Everything’s coming up Tory? Guido Fawkes reports that Downing Street are increasingly confident that they can pass boundary changes to reduce the number of constituencies from 650 to 600, although the DUP may yet scupper the plans.
Are they right? Well, I’m not going to speculate about whether the DUP or Conservative MPs are going to play ball, because, to be frank, I can’t be bothered to put the phone calls in, and in any case it could all change very quickly.
However – and apologies if I’m starting to sound like a stuck record on this – it is worth noting that the whole endeavour is much ado about nothing. The British electoral system used to have a small Labour bias, most neatly illustrated in the 2005 and 2010 elections, when a 35 per cent Labour share of the vote in 2005 delivered a Labour parliamentary majority of 66, while five years later a 36 per cent Conservative share of the vote left David Cameron 20 seats short of a majority. However that went sharply into reverse in 2015 because of two collapses: the Liberal Democrats’ collapse which directly benefited the Conservative Party, and the SNP surge in Scotland that made their vote considerably less efficient.
Although the Liberal Democrats revived a bit – in seat terms – and the SNP tide went in a bit, the overall pro-Conservative bias in the electoral system continued, with it taking considerably more votes to elect a Labour MP than a Conservative one. In 2017 the Labour party got 40 per cent of the vote and 40 per cent of the seats, while the Conservatives got 42 per cent of the vote and 48 per cent of the seats.

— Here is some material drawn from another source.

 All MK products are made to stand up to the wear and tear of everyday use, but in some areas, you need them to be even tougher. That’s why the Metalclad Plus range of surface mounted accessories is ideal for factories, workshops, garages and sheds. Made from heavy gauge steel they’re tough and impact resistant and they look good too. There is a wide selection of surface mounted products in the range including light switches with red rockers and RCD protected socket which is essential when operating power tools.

Reducing the number of seats doesn’t really make that much of a difference as far as the parliamentary arithmetic goes: on a 600-seater House of Commons the Conservative Party would still be a few seats short of a majority and dependent on the DUP to help them over the line.

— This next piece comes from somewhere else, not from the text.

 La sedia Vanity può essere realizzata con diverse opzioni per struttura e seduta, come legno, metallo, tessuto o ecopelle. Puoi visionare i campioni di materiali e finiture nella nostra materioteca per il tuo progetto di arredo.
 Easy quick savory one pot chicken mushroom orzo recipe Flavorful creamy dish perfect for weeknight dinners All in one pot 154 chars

Ultimately under the British electoral system, whichever political party’s electoral coalition happens to be most efficiently dispersed around the country will be the beneficiary of a bias, and anyone who bases their asks for boundary or voter registration changes on the idea it will help their side risks looking very foolish in short order.
Take the other Conservative measure designed to make it harder for Labour to win: mandating that people need to take a form of photo ID with them when they vote. The nominal argument for this policy is to combat electoral fraud, however, as I explain in greater detail here, there is no evidence or indication that this is going on, unless someone has been rigging election results entirely in keeping with national swing and demographic behaviour. Which would be a perfect crime, it’s true, but also a pointless one.

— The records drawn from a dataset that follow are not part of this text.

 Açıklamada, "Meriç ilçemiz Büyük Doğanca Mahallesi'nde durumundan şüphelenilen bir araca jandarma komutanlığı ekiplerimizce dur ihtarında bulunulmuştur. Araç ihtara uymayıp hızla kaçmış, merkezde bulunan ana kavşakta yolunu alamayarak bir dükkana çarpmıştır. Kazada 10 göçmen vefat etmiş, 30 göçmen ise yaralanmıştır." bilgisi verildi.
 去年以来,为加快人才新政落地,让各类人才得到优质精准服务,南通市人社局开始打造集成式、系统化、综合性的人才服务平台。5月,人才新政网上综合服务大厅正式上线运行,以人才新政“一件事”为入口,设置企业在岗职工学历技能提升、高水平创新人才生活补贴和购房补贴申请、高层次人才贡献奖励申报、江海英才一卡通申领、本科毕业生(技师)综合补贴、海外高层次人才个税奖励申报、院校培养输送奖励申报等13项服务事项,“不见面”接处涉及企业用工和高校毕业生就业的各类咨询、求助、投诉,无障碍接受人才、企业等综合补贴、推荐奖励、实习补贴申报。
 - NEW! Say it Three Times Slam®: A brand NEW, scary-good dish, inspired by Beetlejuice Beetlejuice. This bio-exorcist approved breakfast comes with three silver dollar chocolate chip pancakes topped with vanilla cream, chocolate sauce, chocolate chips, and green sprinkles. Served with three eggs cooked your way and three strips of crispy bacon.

At present, it is likely that if anyone ends up unable to vote because they don’t have photographic ID they will be Labour, rather than Conservative voters. But if the longterm demographic changes in who votes Tory and who votes Labour continue into the next election, it could turn out that Labour take a greater share of the graduate population while the Conservatives take a growing share of the population that is not educated to degree level, meaning that it is the Tories, rather than Labour, who do worse as a result of the change.
The whole thing is a hangover from a failed era of Conservative politics when, unable to defeat Tony Blair, the party engaged in a series of what are little better than conspiracy theories about how they needed to remake the electoral map to make it easier for them to win. Then they discovered David Cameron and briefly realised it was a whole lot easier to just try to win over Labour voters.
It’s an interesting contrast with Theresa May’s big speech on housing this week and the Conservative plan to unveil a youth wing. The Tory mouth opens and it says the things it ought to do if it actually wants to not only hold onto office but secure the big majority that has eluded it since 1987: build more houses, appeal to the young and the socially liberal. But when the Conservative hand reaches for the policy lever, the preferred solution is to erect barriers in front of “Labour people” and the ballot box.